Melinda Wittstock:         Yes. Everybody, this is so important. If you don’t have a mentor or a support network around yourself, people really who have, unconditionally have your back at the same time will offer you constructive criticism.

Brooke Erol:                      Yes.

Melinda Wittstock:         I don’t like the word “criticism” so much but help you see your shadow, help you see the gaps, help you see things that you don’t see, and help you focus. All of those things, we all need that. Too many entrepreneurs and people generally suffer all these things in isolation and in silence which is just not necessary.

Brooke Erol:                      Unfortunate but I was feeling very lonely asking those big questions to myself years ago at IBM. I feel so much better now because I had a lot of people just like me who was definitely trying to change the work place and there’s a lot more discussion nowadays than there’re used to be, so that’s a good thing. Just like some of the things that you are saying, there are amazing companies who really are a stand for a purpose, who are doing good in the world. They don’t use command control.

They give the dignity back to their people and they are doing amazing with their bottom lines too. That’s the mindset that we have to change. Some leaders out there or especially in these big corporations don’t believe it can happen but it is happening. There are examples all around the world in every industry for every size of the company. Even the big ones can do it. It’s just the mindset has to change. That’s the awareness that I am trying to create by speaking, by writing because that’s the first step where you have to know and believe it is possible.

Melinda Wittstock:         Brooke, what are the next steps for you? Where are you taking your company next? What’s the big vision? Where’re you headed?

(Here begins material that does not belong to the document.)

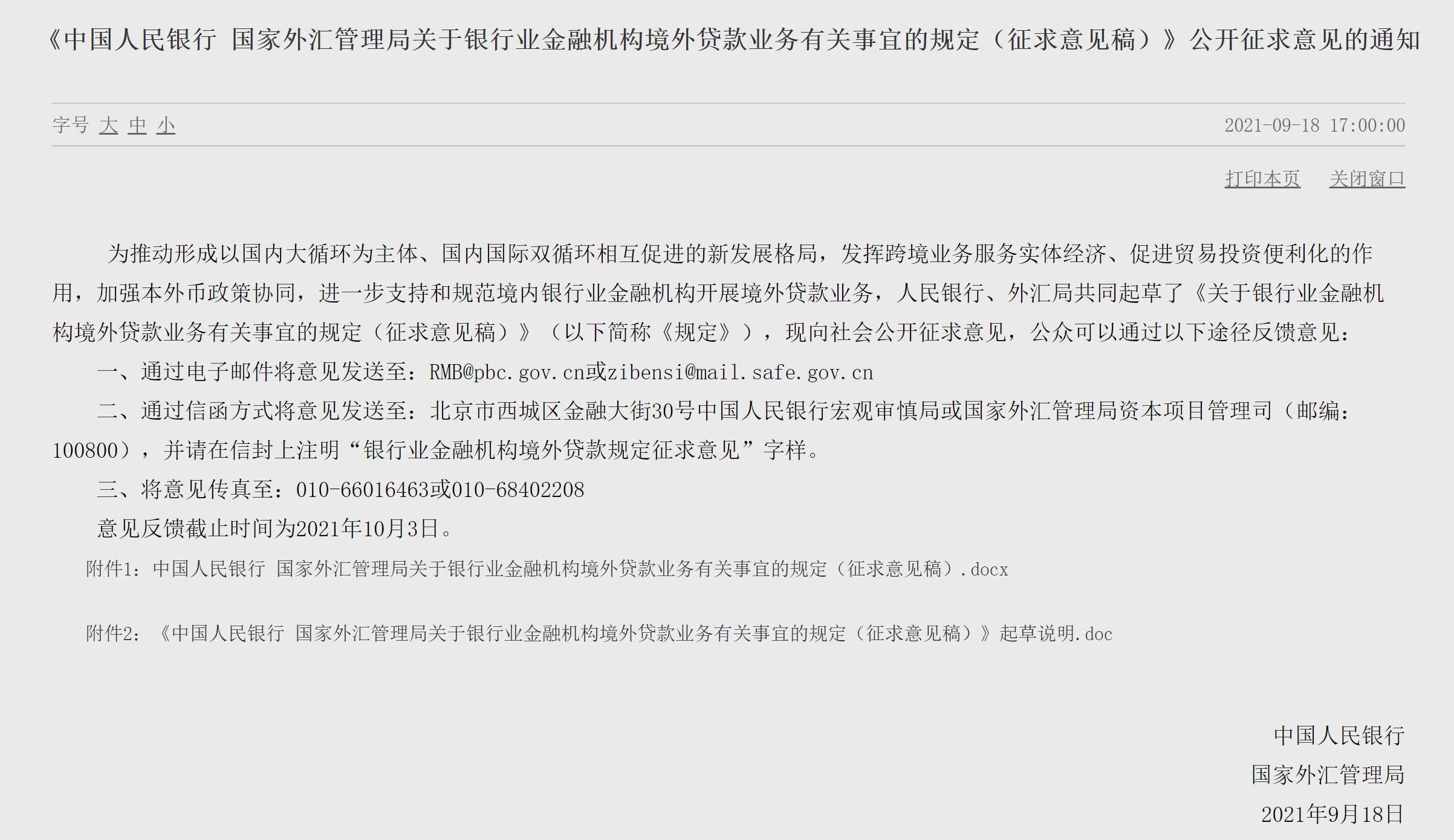 智通财经APP获悉,中国人民银行、外汇局就《关于银行业金融机构境外贷款业务有关事宜的规定(征求意见稿)》公开征求意见。《规定》旨在建立统一的本外币境外贷款政策框架,支持和规范境内银行开展境外贷款业务,以更好满足境外企业资金需求,切实服务实体经济、促进贸易投资便利化。同时,对境内银行境外贷款相关的跨境资金流动实施宏观审慎管理,切实做好风险防范。《规定》指出,对境内银行境外贷款相关的跨境资金流动实施宏观审慎管理。在跨境资金流动管理上,《规定》结合各行一级资本净额及境外贷款业务开展情况,设置了境外贷款余额上限,通过调整境外贷款杠杆率和宏观审慎调节参数实现跨境资金流动逆周期管理。对一级资本净额(外国银行境内分行按营运资金计)在20亿元以下的境内银行,额外给予20亿元的初始额度。

Brooke Erol:                      Yeah, thank you. I’m collaborating with a lot of people which we used to call competitors. There’s lots of people like me who are exactly doing working in the same purpose trying to make the workplace much more humanistic than it is right now. What I’m doing with them, we just wrote a book, completed a book together. I think it’s going to be an amazing book called From Hierarchy to High Performance that’s going to come out in August.

I’m looking forward to that so that more leaders can read that then understand a new mindset. I’m speaking in many, many events and conferences. I was invited to a future work conference recently in May where I talked to around a thousand people about why purpose matters and how we can align our purpose with the companies, and why companies with purpose are doing better in every way possible. Speaking is really important to me because I feel like we’re still in the awareness stage.

Writing is for the same reason but of course I’m looking forward to work with more leaders who understand these concepts and working with them as a consultant so that way I can get them to a place where they want to be because I feel like there’s so many with just seated problems with the engagement attracting the right talent and retaining them but they have no idea what to do. It’s sad for me to watch.

It’s almost I’m getting so impatient sometimes. Let’s do something. We have to do it because you’re not going to survive otherwise.

Melinda Wittstock:         This is so true. Brooke, how can people find you and work with you?

Brooke Erol:                      Thank you. First of all, my website is purposeful.business, so it’s www.purposeful.business. There’s a session that you can have with me and then you can also contact me in that website too. I also write a lot and I share most of that on my LinkedIn profile. You can find me by searching Brooke Ozlem Erol or just Brooke Erol. I’m also on Twitter @boerol1. I write a lot and people can follow me there too.

Melinda Wittstock:         That’s wonderful and of course I will put all those details in the show notes for everybody so you didn’t have to have a pen to write all that down. Brooke, thank you so much for putting on your wings and flying with us today.

Brooke Erol:                      Thank you, Melinda. It was a great conversation. Thanks for the great and good questions that you asked me. I appreciate you too.